My company sometimes uses that too. It has your general keyword filtering on resumes, with sensitivity adjustments.
It also has a tool to ask questions, then candidates video record themselves responding (as many retakes as they want) and the hiring manager can review their video so they aren't bound by a mutual schedule. No AI element to that (yet) that I'm aware of, but could see the potential to screen the videos through an AI filter.
I don't like the video screening, personally. Neither as an applicant nor as a hiring manager. I've only had to use it once as hiring manager where the narrowed down by resume pool of candidates was still 70 people for only one position. I used the damn tool because I didn't see any other way to filter it down to a number I could conceivably interview live on zoom.
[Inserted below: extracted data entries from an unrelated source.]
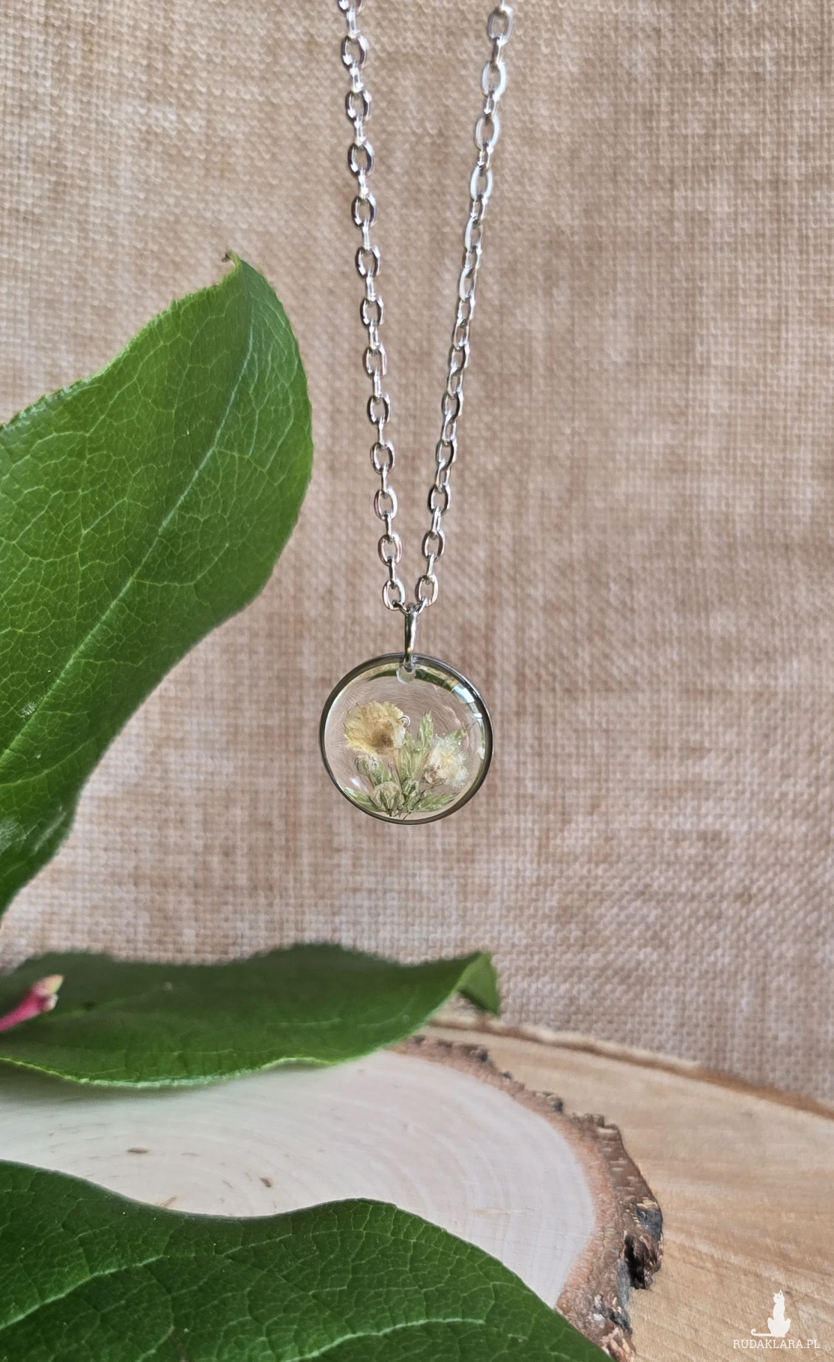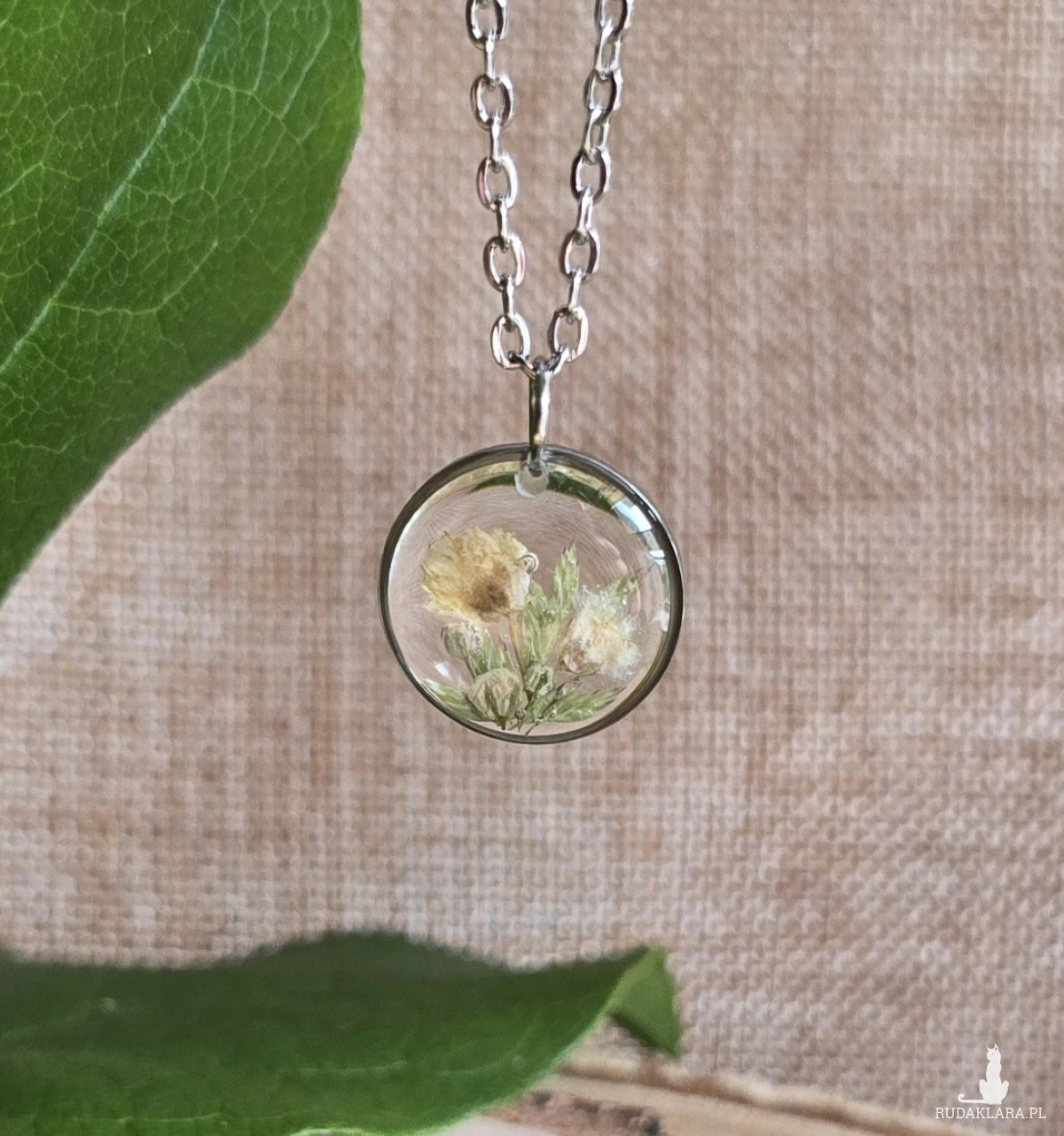 Oferuję Państwu unikalną biżuterię. Zawieszka jest wykonana z suszonych kwiatów i żywicy epoksydowej. Biżuteria jest wspaniałym i oryginalnym prezentem na lata.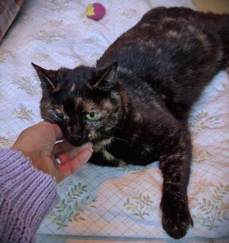 Paula ist eine liebe und anfangs etwas vorsichtige Schildpatt-Schönheit. Wir denken, dass sie evtl. ein BKH-EKH-Mix ist, denn sie hat ein wunderbar flauschiges Fell.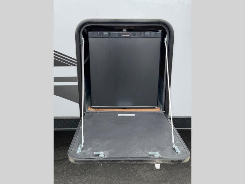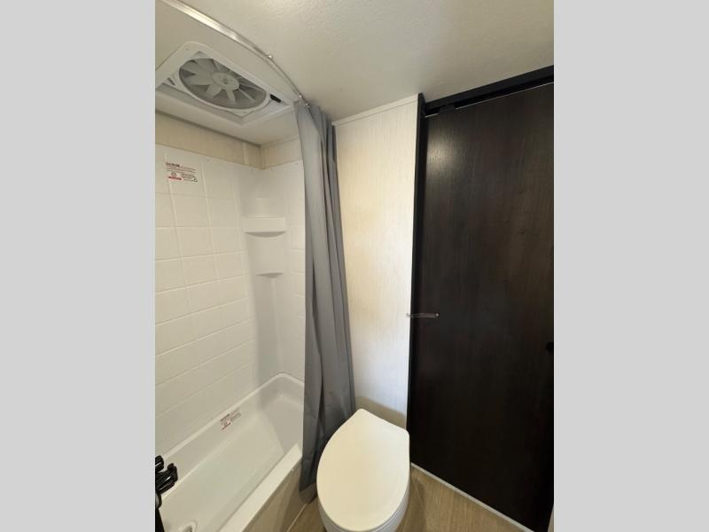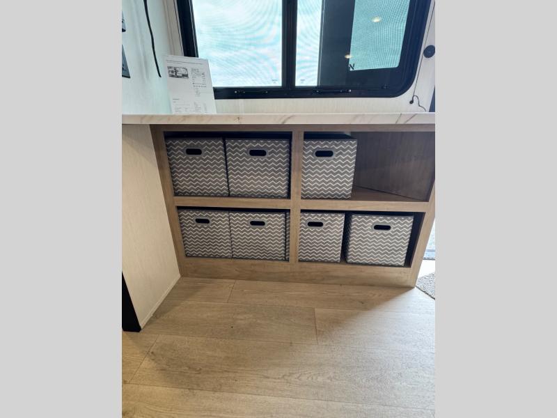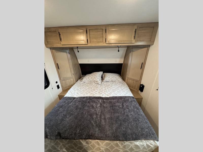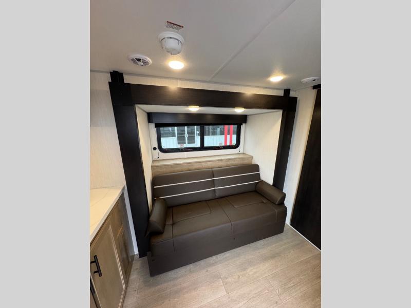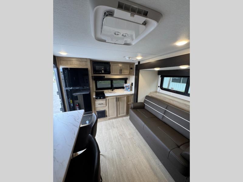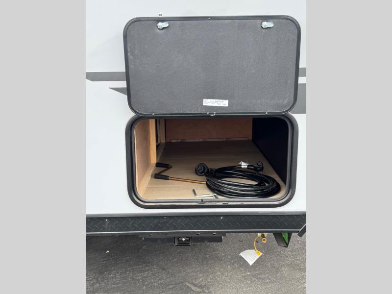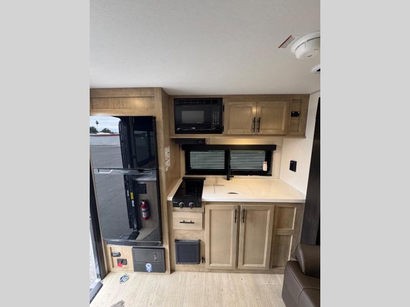 Convenient camping is found with this lightweight travel trailer! Once you arrive at your destination, put out the power awning, then make lunch on the exterior mini kitchen. Inside, you can dine at the bar top with stools, freshen up in the tub/shower, and sleep soundly on the queen bed in the master bedroom. There is also a sofa slide out to provide additional seating, sleeping, and interior space! And you're sure to find plenty of storage spaces both inside and outside, including a rear storage rack!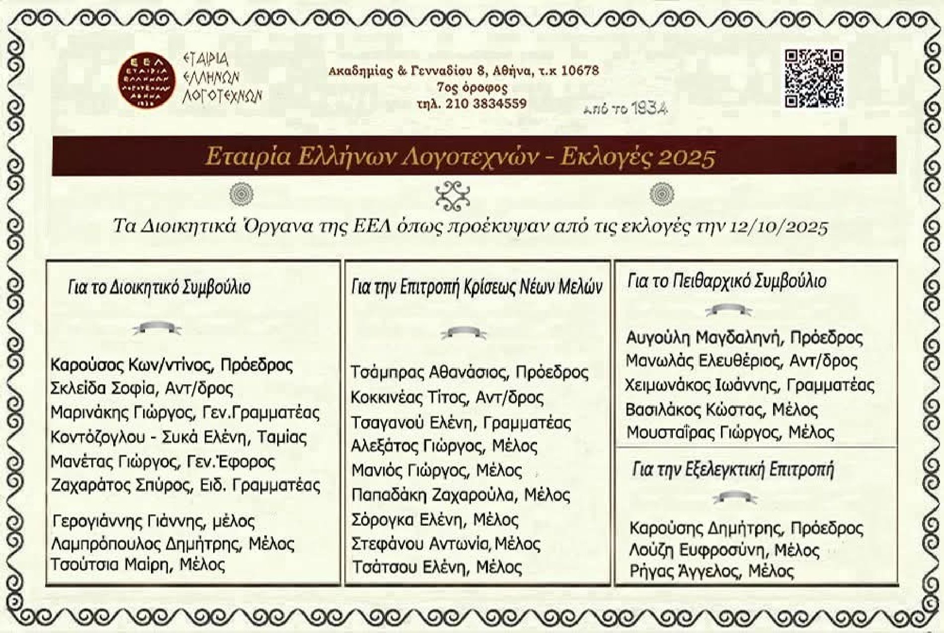 Ετσι, η Εταιρεία Ελλήνων Λογοτεχνών (ΕΕΛ), ένας από τους παλαιότερους και σημαντικότερους πνευματικούς θεσμούς της χώρας μας, με ιστορία που ξεπερνά τα 90 χρόνια, αποτελεί τον θεσμό εκείνο που εξακολουθεί να κρατά ζωντανή τη φλόγα της ελληνικής σκέψης και της λογοτεχνίας, να συνδέει τις γενιές των δημιουργών και να υπενθυμίζει ότι ο πολιτισμός είναι τρόπος ζωής.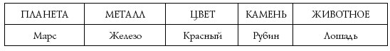 Марсу, красной планете, по логике вещей принадлежит рубин, а его цвет выражает настроение бога войны: в сражениях проливается кровь. Астрологический символ Марса – круг со стрелкой, отходящей вправо и вверх от кольца – обозначает щит и копье. Животным Марса является лошадь – возможно, потому, что лошадей запрягали в боевые колесницы. Железо тоже подобает Марсу как властелину воинов; самое лучшее и дорогое оружие две тысячи лет назад изготовлялось из железа. Богатая железом почва часто имеет красноватый оттенок, и именно из-за насыщенности марсианской почвы окислами железа эта планета с Земли кажется красной.

If one is down to 3-5 candidates, AI tools of any sort are inappropriate. As with all things AI, it's a tool and not an excuse to not do the job.
That's garbage. That's def an option someone selected, to not allow re-takes. Hopefully they just didn't understand the impact and course-correct if they use it again.
Knowing the workflow for mine was unlimited retakes made me feel a bit better, though I still didn't like the tool. So the person who chose to record from the phone with their camera shooting up their nose had every opportunity to rethink that choice. The person who opened and closed with a string of expletives chose to hit "submit'.